The Artificial Intelligence Spectrum
A third and final method to understand the Artificial Intelligence landscape is to see it as an endless spectrum from basic or narrow AI to superintelligence.
Artificial Narrow Intelligence (ANI)
Artificial Narrow Intelligence represents all existing AI. This classification refers to AI solutions that can perform a particular task a human would ordinarily perform. These systems or devices cannot do anything not explicitly stated in their programming. Even today’s most complex machine learning algorithms fall under this category.
Artificial General Intelligence (AGI)
Artificial General Intelligence is an AI agent with the capability to learn, understand, and function like a human being. When AI reaches this maturity level, it will consist of systems that can form connections across knowledge domains. With this information, AI platforms will then have the ability to make independent decisions with no direct or indirect human input. The primary difference between Narrow and General AI is the level of training required and their range of capability. Unconstrained, AGI can perform various tasks across domains simultaneously. In contrast, ANI is limited to a particular programmed function and environment.

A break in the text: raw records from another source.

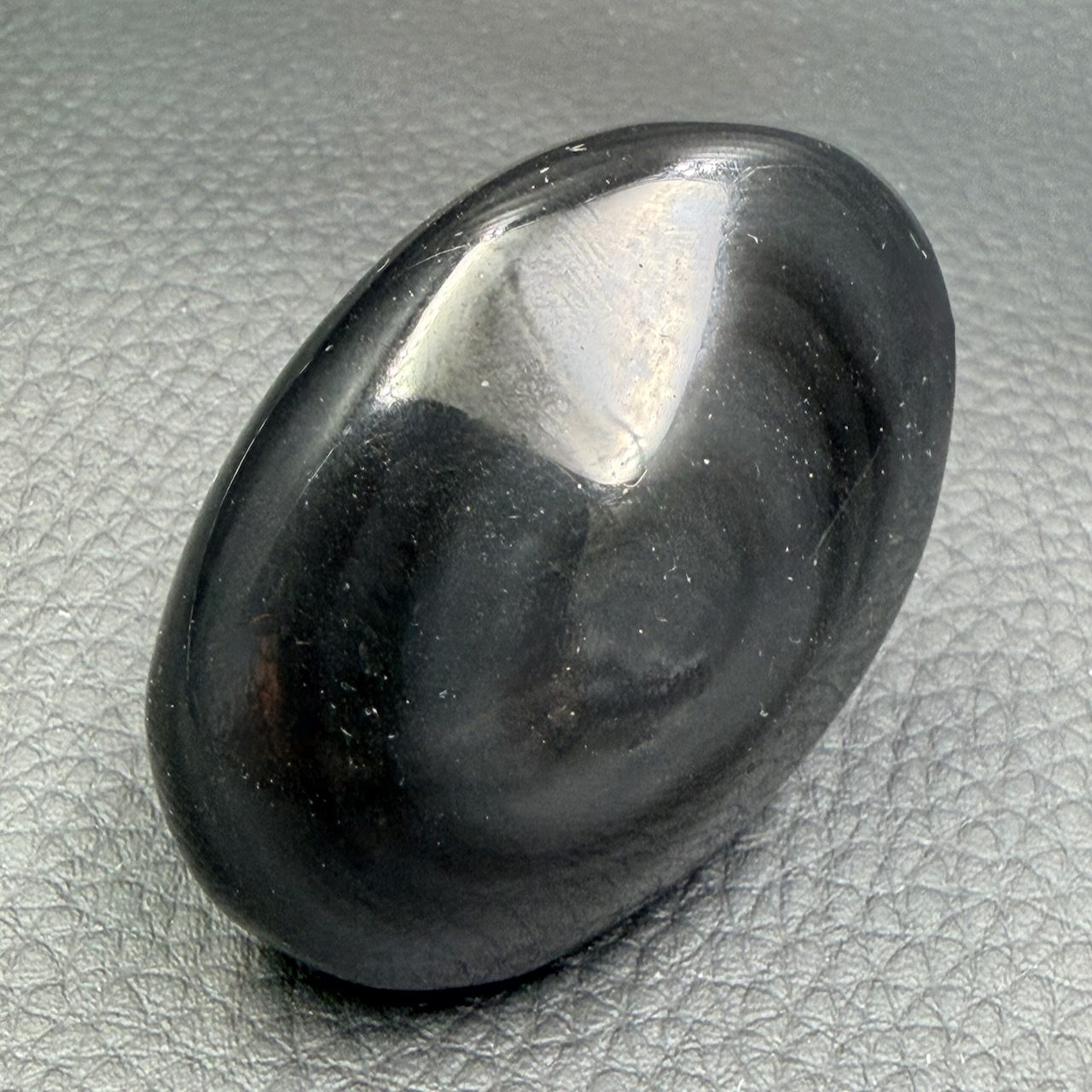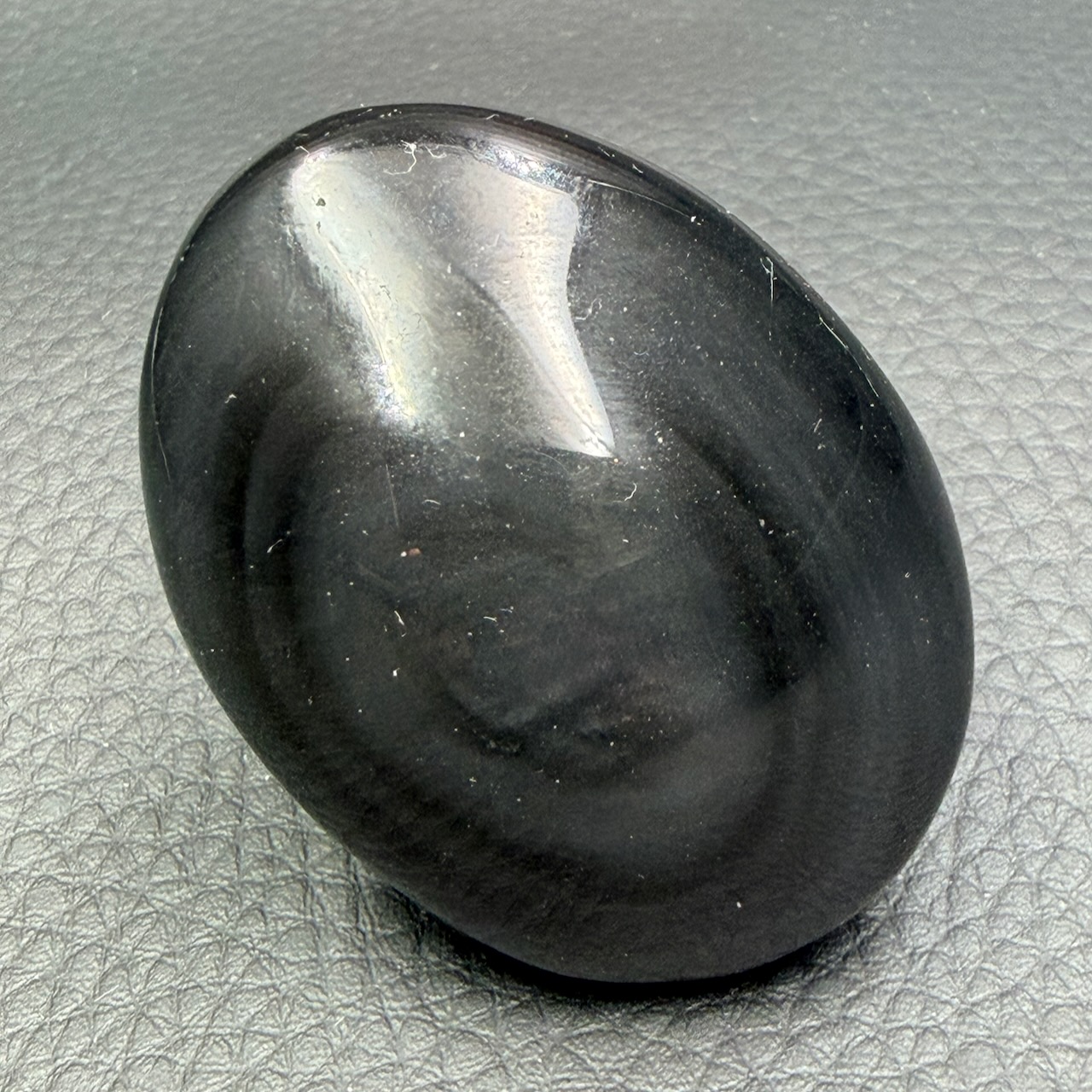 Taille du galet en Obsidienne Noire : 5,1 cm sur 3,8 cm sur 2,7 cm.
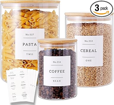 3 Pcs Glass Canisters with Airtight Bamboo Lids and 42 Kitchen Pantry Labels Preprinted - Clear Glass Flour and Sugar Storage Container Set - Large Glass Jars with Wood Lids(100 OZ/54 OZ/27 OZ)
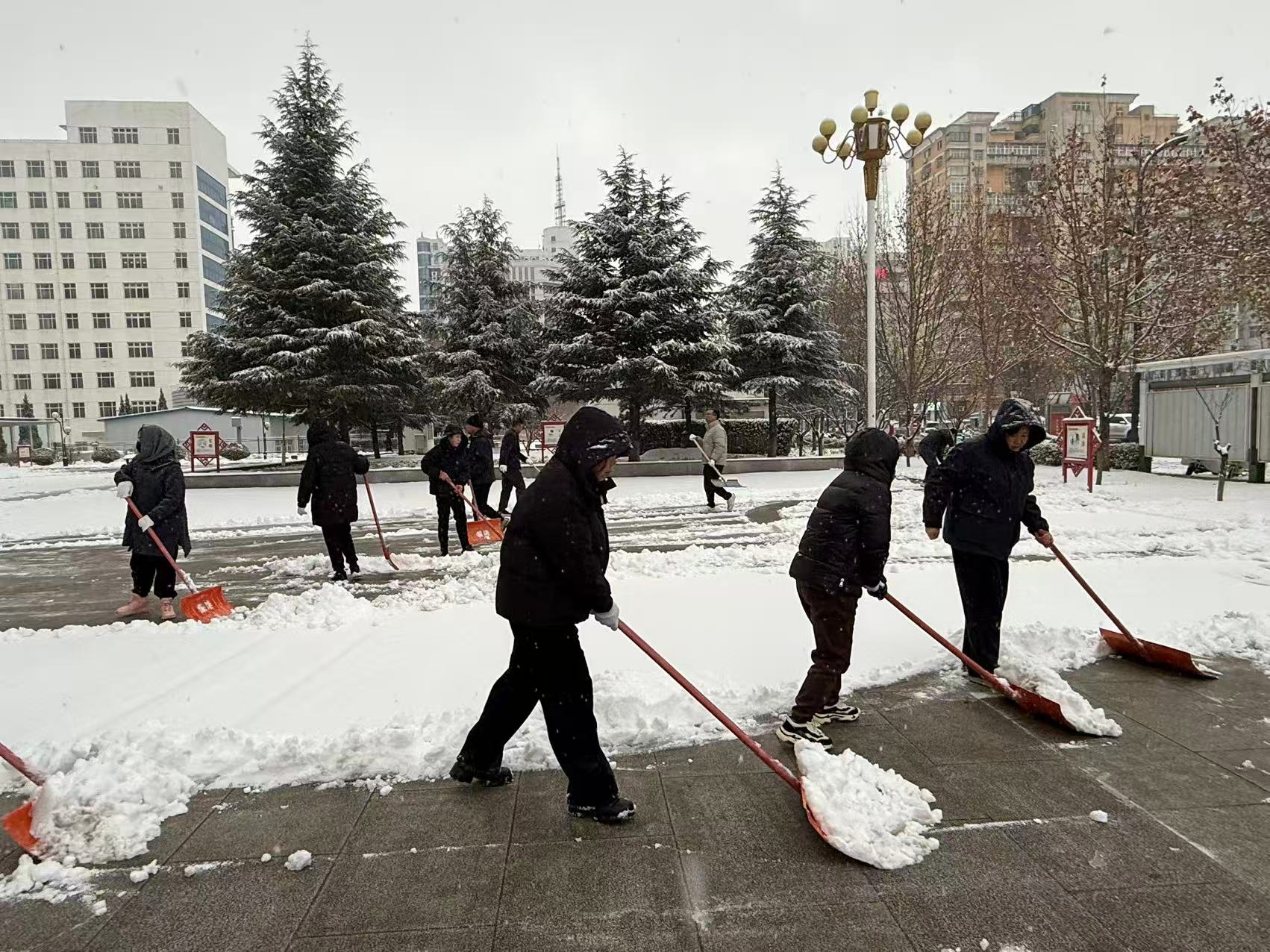 為確保道路暢通無阻,保障市民安全出行,集團公司各基層單位服務點迅速響應,以雪為令、聞雪而動,在市政府、澤州縣政府、市醫(yī)院、市“三館”、富士康園區(qū)、陽城北留鎮(zhèn)、蘭花城、花園水系公園、兩河公園及百潔物業(yè)各服務小區(qū)等區(qū)域,開展清雪除冰專項行動,F場,除雪機械轟鳴作業(yè),干部職工手持鐵鍬、掃帚等工具,分工協作、默契配合,有的操作推雪機開道,有的揮動鐵鍬鏟除堅冰,有的用掃帚清理余雪……寒風凜冽中,處處可見熱火朝天的勞動場景。
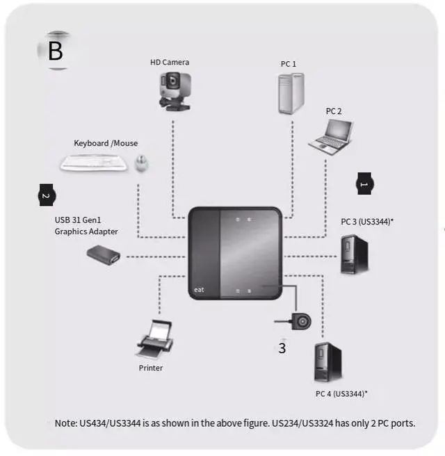 , Allows 2/4 computers to share 4 USB 3.1 Gen 1devices
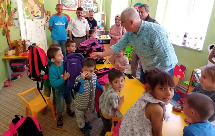 Bu kapsamda düzenlenen törende öğrencilere okul çantası, defter ve boyama kalemi dağıtıldı.
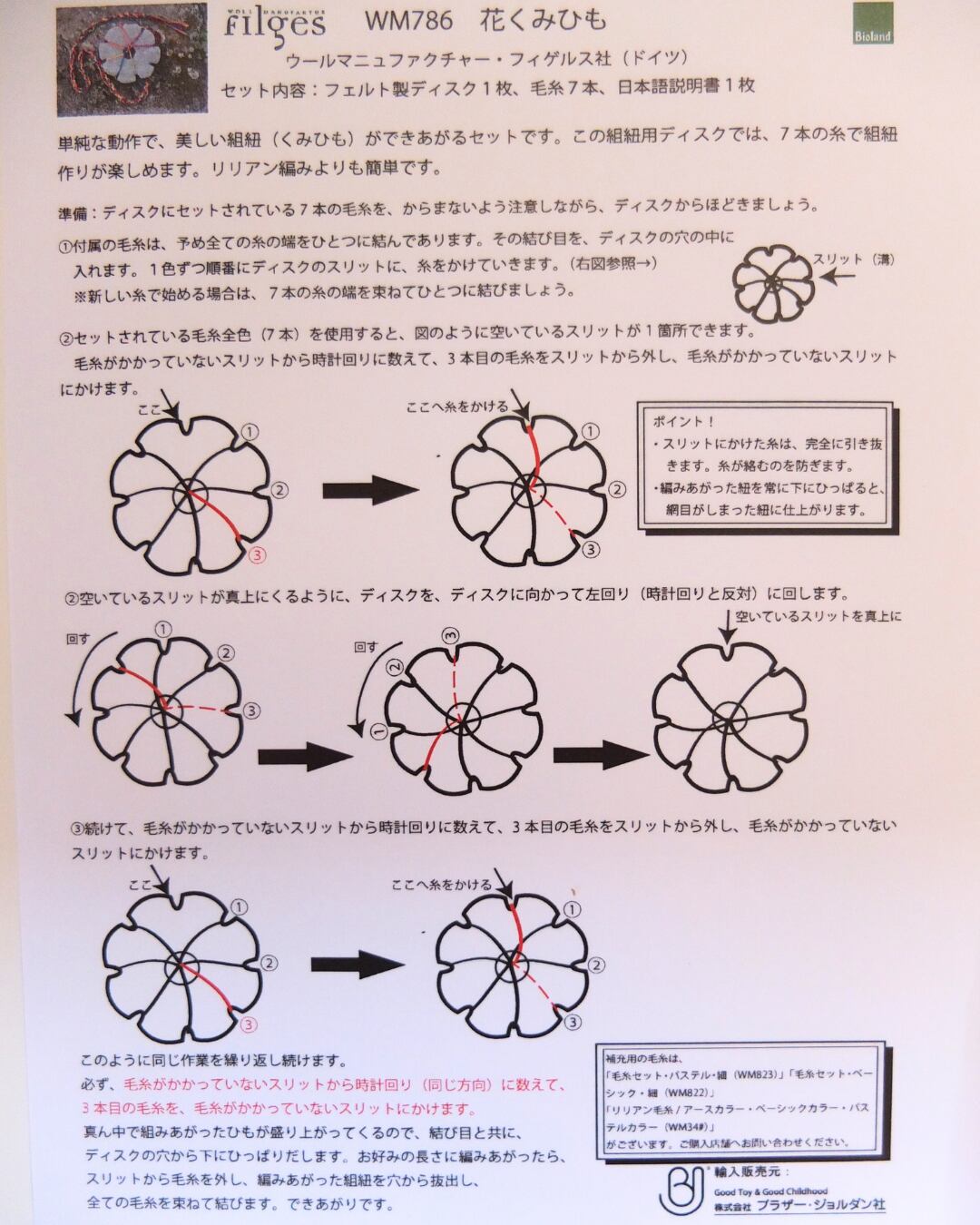 リリアンよりも簡単に、単純な工程で楽しく組紐がつくれるキットです。ピオランドの羊毛や美しい草木染の毛糸はさすがWM社です。
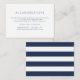 Desliza estas modas, tarjetas pequeñas en tu boda o invitaciones para eventos para que los huéspedes sepan de los arreglos de hoteles o códigos de grupo. Las tarjetas cuentan con letras modernas de color azul marino sobre un fondo blanco y dan la vuelta a las rayas marinas y blancas.
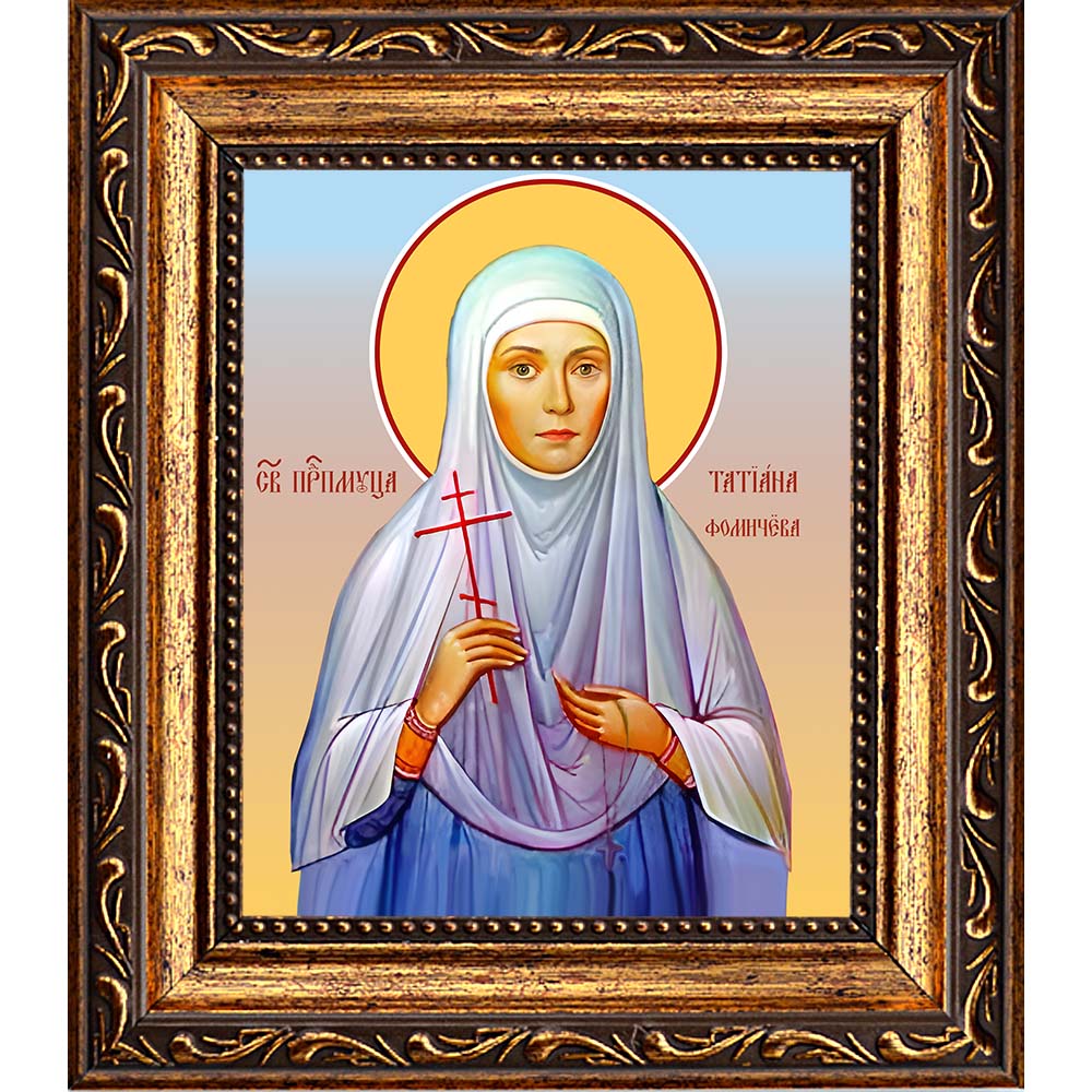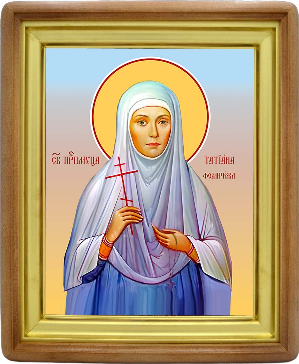 Икона преподобномученицы Татианы Фомичевой - именная икона женщин по имени Татьяна. Дни памяти: 7 февраля (переходящая) - Собор новомучеников и исповедников Церкви Русской; 6 сентября (переходящая) - Собор Московских святых; 3 декабря

Artificial Superintelligence (ASI)
Artificial Superintelligence refers to AI expected to become the pinnacle of earth-based intelligence. Over and above having the AGI abilities of a human being, ASI entities will possess more significant memory and instantaneous access to data far surpassing human limits. Having machines with this capability to answer questions while performing an unlimited number of activities will exceed even the most remarkable human capabilities. However, if these systems are sentient, computer scientists fear the consequences should they turn against their creators. Ultimately, this type of AI will depend on the boundaries human beings set to achieve the productivity they require while ensuring their safety and security.
Classifications and Continuums
Artificial Intelligence is an endless field of study, and trying to grasp the various terms and traits that make up an AI system can be complicated. Using a combination of classification types plotted on an endless spectrum, one can then define the appropriate boundaries needed for the safe creation and consumption of this technology.